Work to complete =>
Nothing but the exact text of the entries should appear in your answer; pictures stay out.

Records contained in a dataset =>
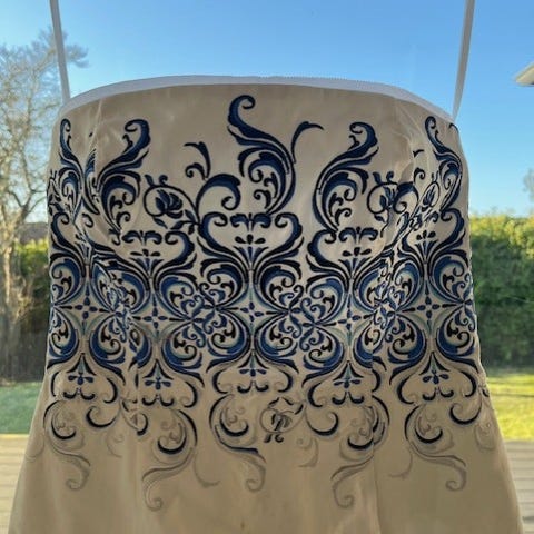 Top, Orsay, str. 40, Blåsort med hvide striber, Viscose med 5% elastan, God men brugt, Blød og behagelig og meget velholdt. Brystvidde 2x50 cm. Længde 85 cm. Meget flot til hvide, blå og sorte bukser/shorts.
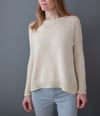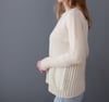 Rhilea Sweater ist ein modern geschnittener Pullover mit einem einfachen Lochmuster am Rücken. Dazu gibt es ein zusätzliches Detail am Rücken und bei den Armen (siehe Fotos). Der Pullover wird nahtlos von oben nach unten gestrickt.
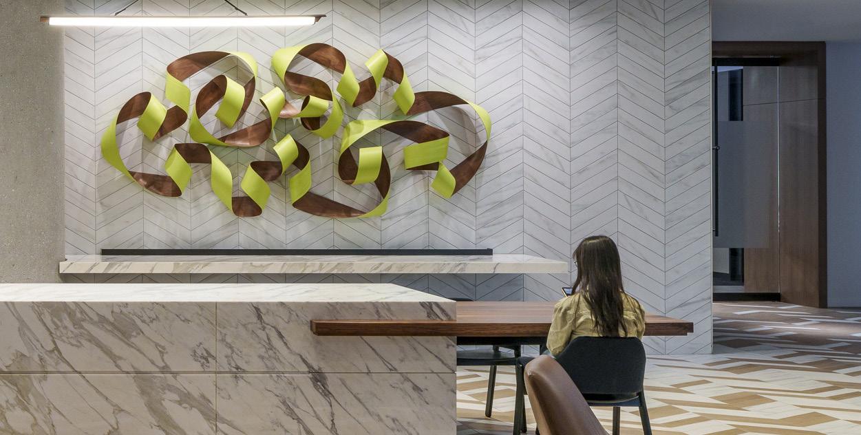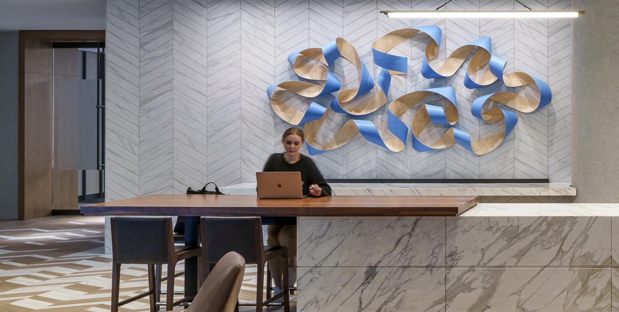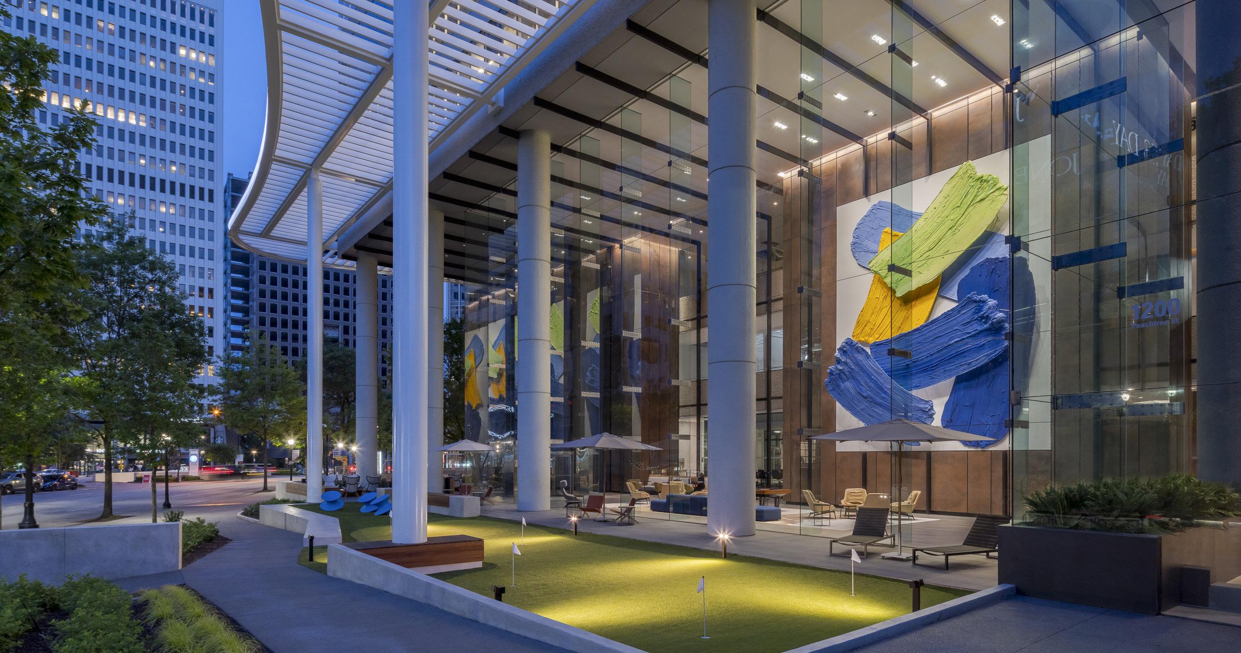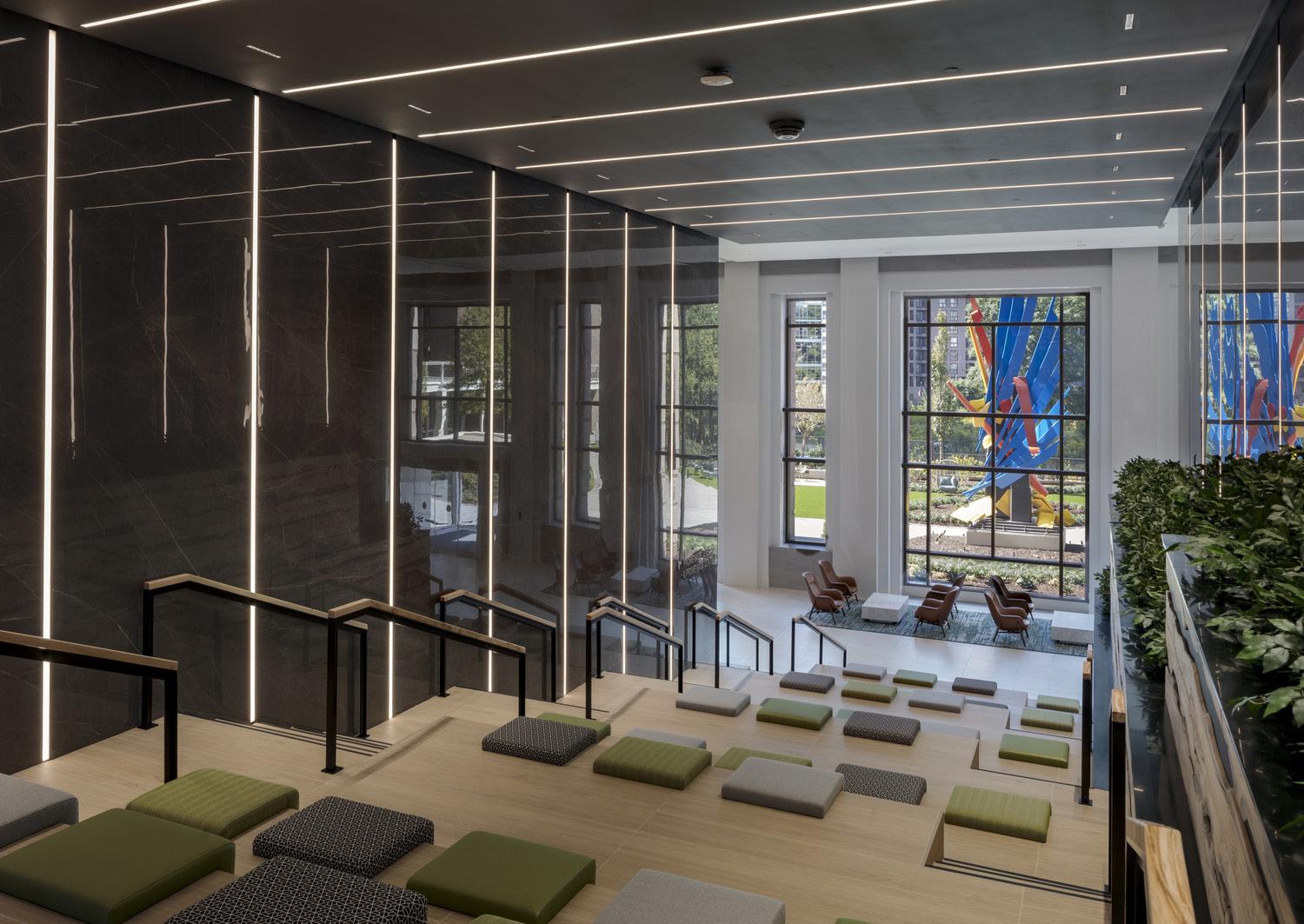 New signature artwork highlights the lower front lobby in an oversized dramatic statement. The new design and reposition strategy has been well received as new leasing commitments are very active.
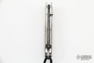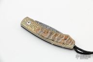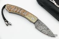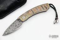 This B09 Kestrel Destiny by William Henry is #123 of 250. It features a Mike Norris Hornets Nest Damascus blade with single thumbstud with a smokey quartz set in an 18kt gold bezel. The handle has a stainless steel frame that has 24kt gold koftgari, smokey quartz set in 18kt gold bezel in push button, mammoth tooth inlays, sterling silver lanyard bail with leather lanyard and silver beads. Comes with a black leather pocket sheath with clip, original box and papers. Excellent condition.
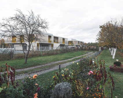 Ganz am nordöstlichen Rand des Stadtgebiets von Wiesbaden, angrenzend an ein Wohngebiet aus den 1970er-Jahren, befindet sich der Neubau der Albert Schweitzer Schule in Mainz-Kostheim. Mit ihm wandert die Förderschule mit Ganztagesangebot aus einer zentralen Lage an Bahngleisen und Bundesstraße in eine deutlich ruhigere Gegend, die unmittelbar ans Grüne grenzt.
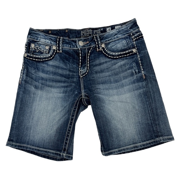 Miss Me Y2K faded flap pocket Bermuda Denim Jean shorts SZ 28 New
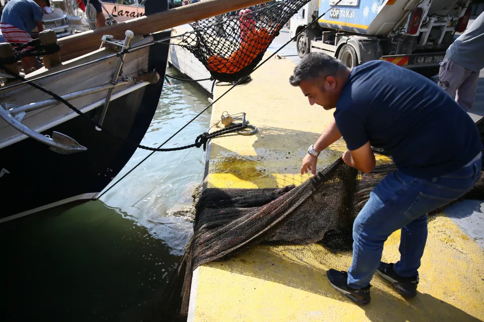 Baş, ağları yaklaşık 40 metre derinlikten çıkardıklarını belirterek, kendilerine bu çalışmada desten veren iş insanı Mustafa Güneri'ye teşekkür etti.
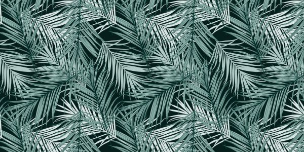 Tapete mit einem tropischen Muster mit Blättern auf schwarzem Hintergrund. Kombinieren Sie diese Tapete im Schlafzimmer.
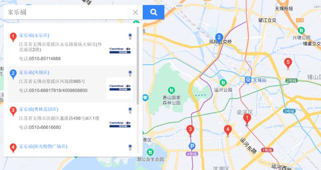 从百度地图上查询到的家乐福无锡的5家门店,小编已经去了其中3家,每一家的货柜上都有大量的“空白地带”。
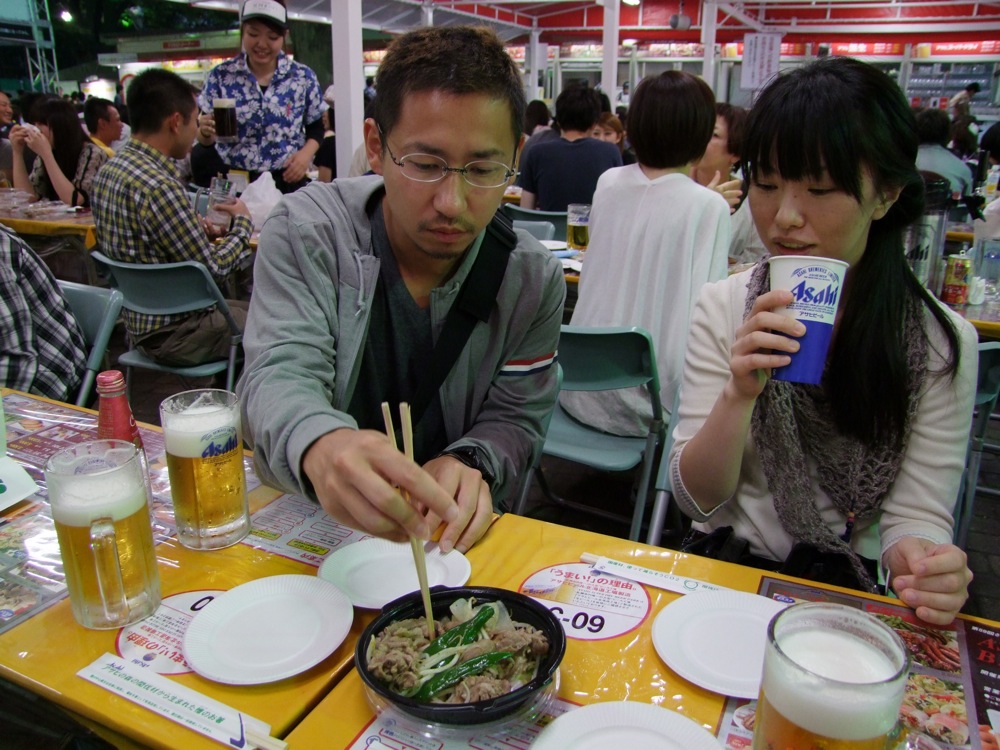 ビールの他に枝豆等も注文し、テーブル上での華を咲かせますが、実はゆっくりと飲んでいるわけにもいかないのです。与えられた時間は25分ですが、実際、チケットを買って席に座り、注文して品物が出てきて、いざ乾杯…と、この順序で既に10分位は経っているのです(笑)。これは予想以上に大変な挑戦をしているのではないかと思いつつ、潔く良く?次のブースであるアサヒに向かいました。
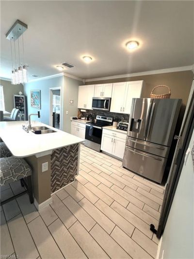 Located within the Magnolia Landing community, this residence reflects extensive upgrades and enhancements inside and out, offering a level of finish and functionality beyond standard builder features.The home showcases engineered waterproof, scratch-resistant flooring throughout the bedrooms, crown molding in the main living areas and hallway, updated interior paint, chair rail detailing, and upgraded lighting and ceiling fans throughout. The kitchen includes added backsplash detailing, upgrade...Located within the Magnolia Landing community, this residence reflects extensive upgrades and enhancements inside and out, offering a level of finish and functionality beyond standard builder features.The home showcases engineered waterproof, scratch-resistant flooring throughout the bedrooms, crown molding in the main living areas and hallway, updated interior paint, chair rail detailing, and upgraded lighting and ceiling fans throughout. The kitchen includes added backsplash detailing, upgraded faucet, sliding barn pantry door, and enhanced finishes for everyday use and entertaining. Bathrooms have been improved with a tiled primary shower floor, sliding glass shower door, and updated fixtures.Outdoor and exterior improvements are a defining feature of the property. The fully fenced backyard includes multiple gates, established landscaping for added privacy, custom concrete curbing, landscape rock beds, lighting, and decorative plantings including palm features. The screened lanai area has been expanded and enhanced with two access doors, dog access, ceiling fan, manual awning, outdoor TV, and a water feature. A decorative paver patio provides additional outdoor living space.Garage upgrades include a custom epoxy floor, extended paver driveway, generator hookup with transfer switch, mini-split air conditioning, upgraded lighting, attic access, exterior service door, and screened garage entry. Gutters and exterior lighting enhancements have also been added.Additional improvements include upgraded appliances, irrigation system enhancements, ADT security system with smart switches, and multiple functional and aesthetic upgrades throughout.Magnolia Landing offers optional golf membership and a range of amenities including pools, pickleball, bocce ball, shuffleboard, and community events. Convenient access to shopping, dining, and major roadways supports both seasonal and full-time living.

Answer to this problem =>
 Top, Orsay, str. 40, Blåsort med hvide striber, Viscose med 5% elastan, God men brugt, Blød og behagelig og meget velholdt. Brystvidde 2x50 cm. Længde 85 cm. Meget flot til hvide, blå og sorte bukser/shorts.
 Rhilea Sweater ist ein modern geschnittener Pullover mit einem einfachen Lochmuster am Rücken. Dazu gibt es ein zusätzliches Detail am Rücken und bei den Armen (siehe Fotos). Der Pullover wird nahtlos von oben nach unten gestrickt.
 New signature artwork highlights the lower front lobby in an oversized dramatic statement. The new design and reposition strategy has been well received as new leasing commitments are very active.
 This B09 Kestrel Destiny by William Henry is #123 of 250. It features a Mike Norris Hornets Nest Damascus blade with single thumbstud with a smokey quartz set in an 18kt gold bezel. The handle has a stainless steel frame that has 24kt gold koftgari, smokey quartz set in 18kt gold bezel in push button, mammoth tooth inlays, sterling silver lanyard bail with leather lanyard and silver beads. Comes with a black leather pocket sheath with clip, original box and papers. Excellent condition.
 Ganz am nordöstlichen Rand des Stadtgebiets von Wiesbaden, angrenzend an ein Wohngebiet aus den 1970er-Jahren, befindet sich der Neubau der Albert Schweitzer Schule in Mainz-Kostheim. Mit ihm wandert die Förderschule mit Ganztagesangebot aus einer zentralen Lage an Bahngleisen und Bundesstraße in eine deutlich ruhigere Gegend, die unmittelbar ans Grüne grenzt.
 Miss Me Y2K faded flap pocket Bermuda Denim Jean shorts SZ 28 New
 Baş, ağları yaklaşık 40 metre derinlikten çıkardıklarını belirterek, kendilerine bu çalışmada desten veren iş insanı Mustafa Güneri'ye teşekkür etti.
 Tapete mit einem tropischen Muster mit Blättern auf schwarzem Hintergrund. Kombinieren Sie diese Tapete im Schlafzimmer.
 从百度地图上查询到的家乐福无锡的5家门店,小编已经去了其中3家,每一家的货柜上都有大量的“空白地带”。
 ビールの他に枝豆等も注文し、テーブル上での華を咲かせますが、実はゆっくりと飲んでいるわけにもいかないのです。与えられた時間は25分ですが、実際、チケットを買って席に座り、注文して品物が出てきて、いざ乾杯…と、この順序で既に10分位は経っているのです(笑)。これは予想以上に大変な挑戦をしているのではないかと思いつつ、潔く良く?次のブースであるアサヒに向かいました。
 Located within the Magnolia Landing community, this residence reflects extensive upgrades and enhancements inside and out, offering a level of finish and functionality beyond standard builder features.The home showcases engineered waterproof, scratch-resistant flooring throughout the bedrooms, crown molding in the main living areas and hallway, updated interior paint, chair rail detailing, and upgraded lighting and ceiling fans throughout. The kitchen includes added backsplash detailing, upgrade...Located within the Magnolia Landing community, this residence reflects extensive upgrades and enhancements inside and out, offering a level of finish and functionality beyond standard builder features.The home showcases engineered waterproof, scratch-resistant flooring throughout the bedrooms, crown molding in the main living areas and hallway, updated interior paint, chair rail detailing, and upgraded lighting and ceiling fans throughout. The kitchen includes added backsplash detailing, upgraded faucet, sliding barn pantry door, and enhanced finishes for everyday use and entertaining. Bathrooms have been improved with a tiled primary shower floor, sliding glass shower door, and updated fixtures.Outdoor and exterior improvements are a defining feature of the property. The fully fenced backyard includes multiple gates, established landscaping for added privacy, custom concrete curbing, landscape rock beds, lighting, and decorative plantings including palm features. The screened lanai area has been expanded and enhanced with two access doors, dog access, ceiling fan, manual awning, outdoor TV, and a water feature. A decorative paver patio provides additional outdoor living space.Garage upgrades include a custom epoxy floor, extended paver driveway, generator hookup with transfer switch, mini-split air conditioning, upgraded lighting, attic access, exterior service door, and screened garage entry. Gutters and exterior lighting enhancements have also been added.Additional improvements include upgraded appliances, irrigation system enhancements, ADT security system with smart switches, and multiple functional and aesthetic upgrades throughout.Magnolia Landing offers optional golf membership and a range of amenities including pools, pickleball, bocce ball, shuffleboard, and community events. Convenient access to shopping, dining, and major roadways supports both seasonal and full-time living.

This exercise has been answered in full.